Que faire si on ne comprend pas son énoncé ?

On dispose de 3 plants de pois A, B et C de même phénotype, tige longue et fleurs rouge violacé; chacun d'eux est croisé avec un plant D de pois à tige naine et feurs blanches. A la génération suivante, on observe 3 types de résultats différents.

1.résultat croisement A x D : 100 % de plants à tige longue et fleurs rouge violacé.
2.résultat croisement B x D : 50 % de plants à tige naines et fleurs rouge violacé.
50% de plants à tige longue et fleurs rouge violacé.
3.résultat croisement C x D : 25 % de plants à tige longue et fleurs rouge violacé.
25 % de plants à tige naine et fleurs rouge violacé.
25% de plants à tige naine et fleurs blanches.
25% de plants à tige longue et fleurs blanches.

question 1 : Expliquez à l'aide d'un schéma simple comment on réalise pratiquement ce type de croisement.
Quels sont les phénotypes dominants et récessifs d'après les résultats 1.

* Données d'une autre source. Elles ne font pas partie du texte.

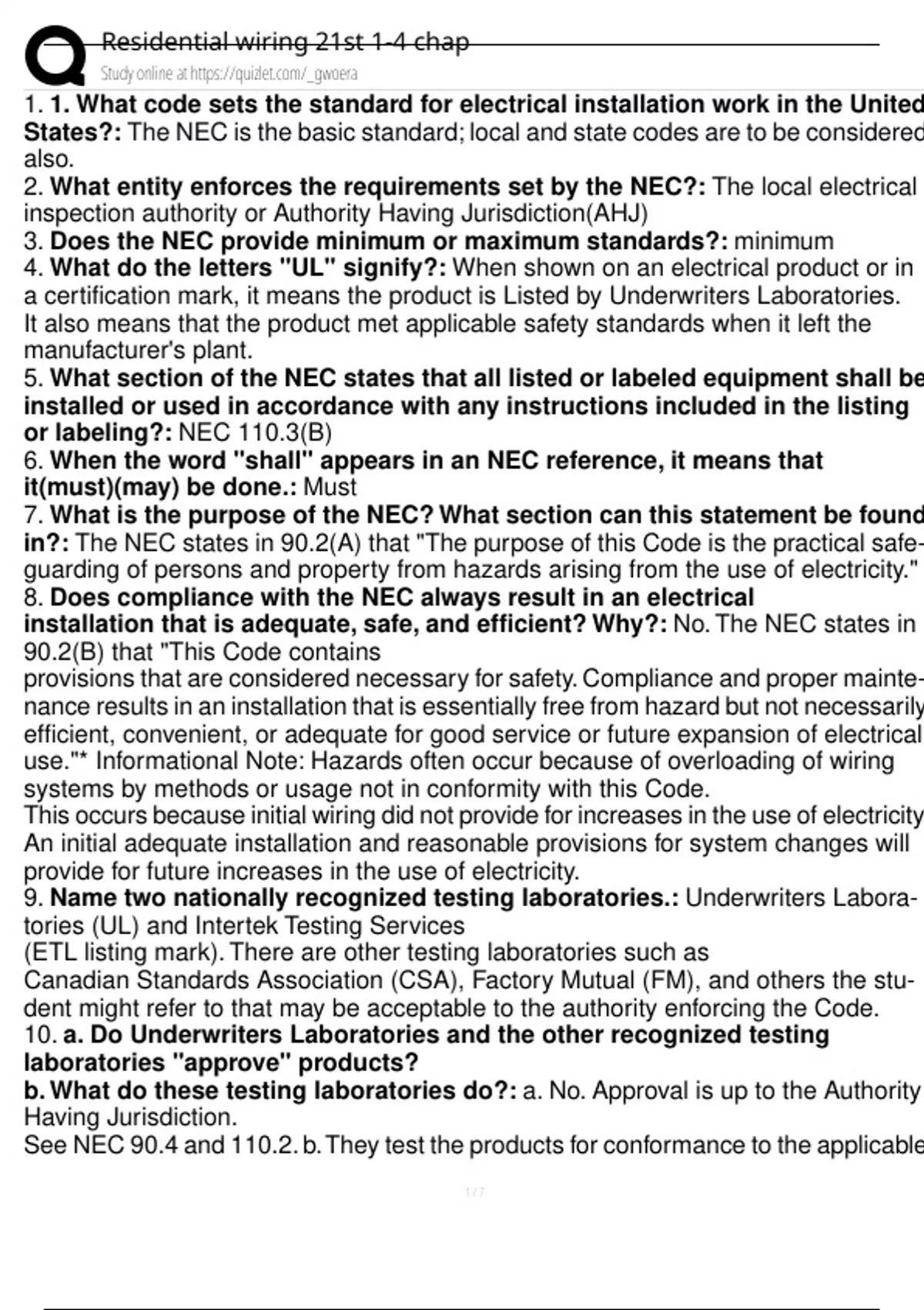2. What entity enforces the requirements set by the NEC?: The local electrical

question 2 : Déterminez les génotypes des trois plants A, B et C : indiquez clairement les symboles utilisées pour chaque

caractère et justifiez votre réponse.

Correction

Question 1 : on pratique une fécondation de deux plantes en utilisant le pollen de l'une pour féconder le pistil de l'autre.
Vus les résultats du premier croisement, les allèles gouvernant une tige longue L et une couleur rouge R sont
dominants puisque toutes les F1 ont ce phénotype. A l'inverse, les caractères nain n et blanc b sont masqués en F1
du premier croisemnet et sont donc récessifs.
Question 2 : la plante D est double homozygote récessive n/n b/b
La plante A est double homozygote domiant L/L R/R
La plante B est hétérozygote pour la longueur mais homozygote pour la couleur : L/N R/R
La plante C est double hétérozygote L/n R/b.
L'équiprobabilité de ses gamètes et des 4 phénotypes en F1 montre de plus que les deux gènes
sont indépendants génétiquement (sur deux chromosomes différents ou très loin sur le même chromosome)

Pour aller plus loin

Les gènes sont "liés" quand ils sont situés sur un même chromosome (par exemple le gène de la myopathie et le gène du daltonisme sont sur le même chromosome X )et indépendants quand ils sont sur deux
chromosomes différents (le 4 et le 6 par exemple).
Dans les arbres généalogiques, cela se voit facilement quand on a des données statistiques
avec des individus double hétérozygote (comme C dans ton exercice) :
*des gènes liés ont tendance à rester ensemble (d'où le terme) et les phénotypes parentaux sont plus fréquentes que les recombinés.
*A l'inverse, comme c' est le cas ici, si les allèles se répartissent à égalité avec les allèles de l'autre gène, on a une équiprobabilité de chacun des quatre types de gamètes.....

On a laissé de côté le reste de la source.